Vlog #17 – Fatigue Releases our Inner Three Year Old

I sometimes enjoy watching reality tel

evision.  Though you can’t expect much bargain basement television, any show that follows people living together over extended periods will eventually capture the fatigued participants in heated spats.  These moments are always captured as these shows documenting otherwise mundane interactions interesting.  These moments usually become the lens through with the show’s narrative focuses for the rest of the season, even if the actual parties to the disagreement have forgotten the thing.

It is worth examining why these moments are considered compelling.  I would contend that they are compelling because they might be some of the most genuine human moments of these often contrived shows.  I imagine all of us have had a moment when our tempers and frustrations have gotten the better of us.  We erupt in ill-advised aggression or mean comments.  These moments where we lose control may impact our interactions for weeks, months, or years to come.  The stakes of losing control are high.

A Three Year Old Within Us

I am raising a three-year-old.  This is a tricky age, where the little one quickly moves back and forth between joy and anger, between exuberance and fury.  A parent quickly learns what situations are likely to precipitate both reactions.  Ice cream usually brings joy.  Naptime usually brings anger.  But these rules are not universal.  Each child is different in what pushes his or her buttons.

As we grow, we mature.  We know that lashing out whenever we are annoyed or upset is unproductive.  We build defenses around our inner three-year-old that keeps him or her penned in when encountering dangerous situations.  Over the years, most of us become quite proficient at keeping the 3-year old in check, until we get tired.

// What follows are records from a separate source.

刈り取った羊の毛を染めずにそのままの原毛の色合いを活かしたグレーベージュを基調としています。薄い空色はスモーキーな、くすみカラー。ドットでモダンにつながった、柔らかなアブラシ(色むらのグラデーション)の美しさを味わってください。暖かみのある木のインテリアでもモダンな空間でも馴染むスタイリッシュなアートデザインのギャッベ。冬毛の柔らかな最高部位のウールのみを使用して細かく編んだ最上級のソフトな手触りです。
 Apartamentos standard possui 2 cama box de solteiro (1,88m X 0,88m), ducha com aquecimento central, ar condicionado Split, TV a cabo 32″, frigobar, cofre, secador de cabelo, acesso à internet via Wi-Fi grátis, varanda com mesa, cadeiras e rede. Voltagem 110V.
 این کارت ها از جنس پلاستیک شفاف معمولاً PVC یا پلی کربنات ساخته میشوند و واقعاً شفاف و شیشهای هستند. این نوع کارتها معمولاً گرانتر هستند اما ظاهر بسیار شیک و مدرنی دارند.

We are all different.  We are all born with different preferences and ways of interacting.  Those differences usually are a source of creativity and work to help us to churn through ideas and look at things from different perspectives.  There is an enormous benefit to this.  However, those same differences are irritants.  We spend most of our adolescence developing defenses—coping mechanisms for those ways of interacting that don’t come naturally to us.  We need to be able to function using these other strategies because we live in a social world and w must work with those who are different from us.  Coping mechanisms are work.

Weakening Defenses

Defenses require energy and discipline.  Both are in short supply when we are in the grips of fatigue.  It is when we get tired that the 3-year old breaks out of the box and is revealed to others.  People lose tempers, make bitter comments, craft profanity-laced tirades, or resort to counterproductive attitudes and behaviors. Sometimes, they resort to violence.  When fatigue sets in the parts of ourselves we don’t want others to see are exposed.

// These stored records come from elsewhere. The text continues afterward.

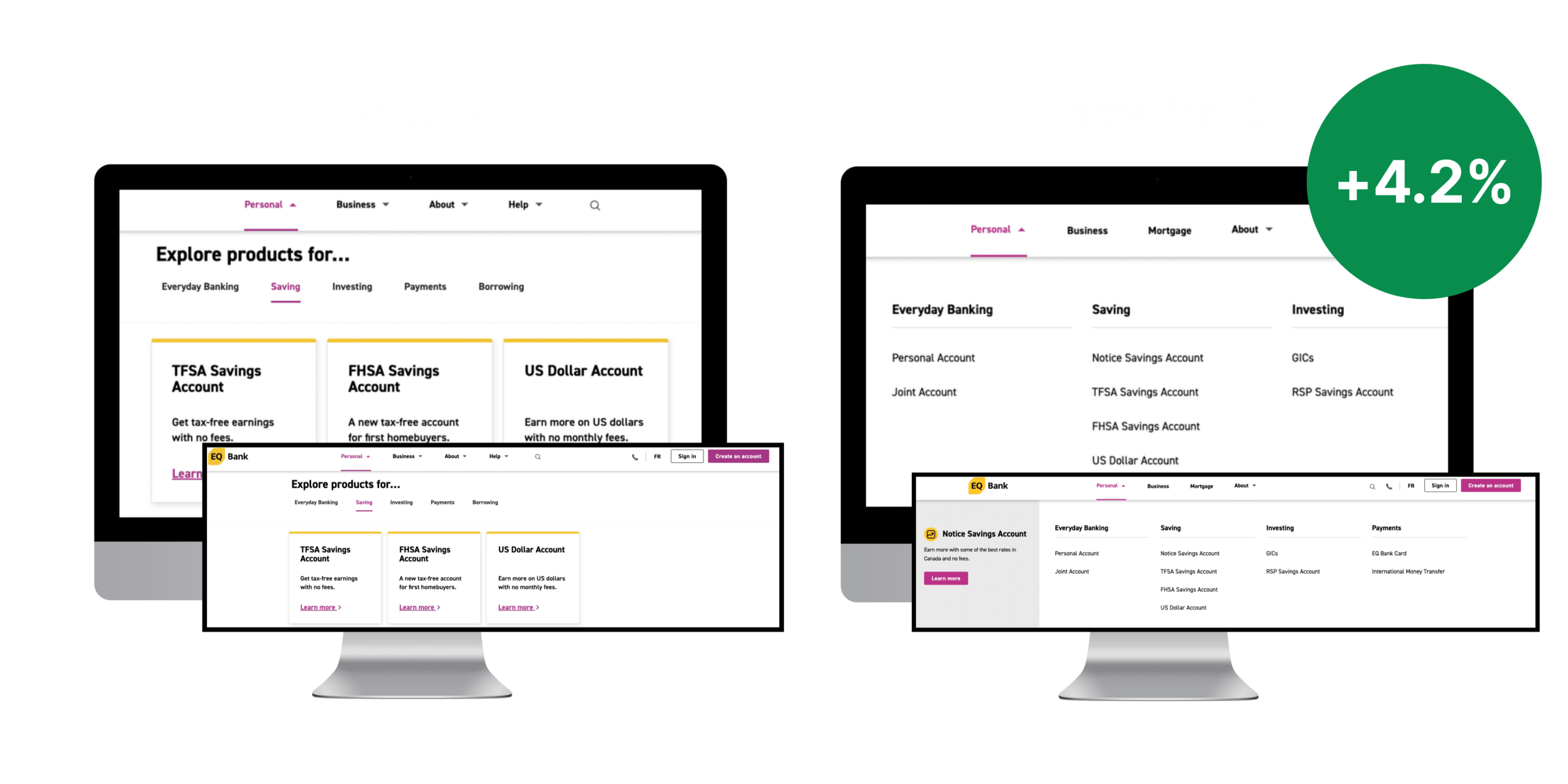 For example, in one test we ran on the Comprehension Lever (more on Levers shortly), we sought to improve visibility and awareness of EQ Bank’s Personal banking products. To do this, we adopted an industry best practice that involved auto-exposing ‘Personal’ navigational elements, but this test produced an inconclusive result.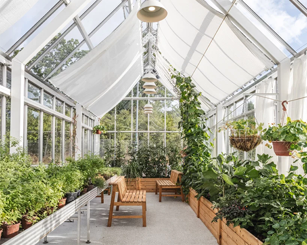 Noma的新餐廳由一系列建筑體量組成。室內(nèi)設(shè)計(jì)了一個(gè)巨大的天窗和一組寬敞的側(cè)窗,更好地將戶外花園呈現(xiàn)于顧客眼前。在其它地方,靠近地塊的另一端,有三個(gè)獨(dú)立的玻璃房子分別作為餐館的花園、試驗(yàn)廚房和面包房??腿藗兛梢月接谶@些建筑之間,感受具有北歐特色的建筑材料和建造技術(shù)。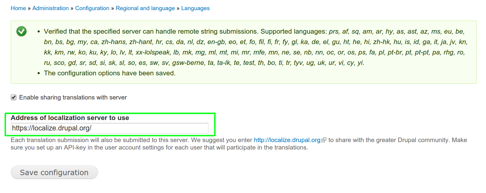 - In your site, go to the Configuration > Regional and Language > Languages > Sharing tab and enable sharing with localize.drupal.org by selecting the "Enable sharing translations with server" checkbox and saving the settings.

When we are tired, we don’t feel like working.  Instead of using coping mechanisms to help promote positive social interactions, we double down on our natural preferences, which only adds more irritation to social situations.  Forsaking compromise, our inner three-year-old is ready to break free.

It is when we enter into this state—when our inner three-year-old is on the loose that we do stupid and sometimes terrible things.  When more than one person is in this state, forget it.  There is a high probability that something bad is going to happen when those folks interact.

Managing Energy

Judging individuals by their performance when they are at their worst is probably a poor measure of their real value to the team.  Teams should have a mechanism that allows them to recognize when a teammate is in a really poor head space and act accordingly.  Hopefully, there is a trusted friend or respected person who can tell us to go to bed or take a break.  However, this perspective is sometimes in short supply in our world of aggressive deadlines and demanding requirements.  Teams that are pushed to their limits need to be cognizant of the importance of managing individual and group energy.

As a manager, you must try to give people rest when they need it and reward those people who need less of it or proactively manage it.  Also, as a manager, you also must recognize that you are susceptible to a three-year-old “jailbreak”.  In your position, you need to govern your inner child more than others.  You are in a position to do a great deal more damage to your team and to your own ability to lead.  Always have a trusted deputy or confidant who will tell you when you need a break and who will hold up a mirror to you when you need a truthful evaluation of your behavior.

Don’t let your inner three-year-old derail your adult life.  That’s not good for either of you.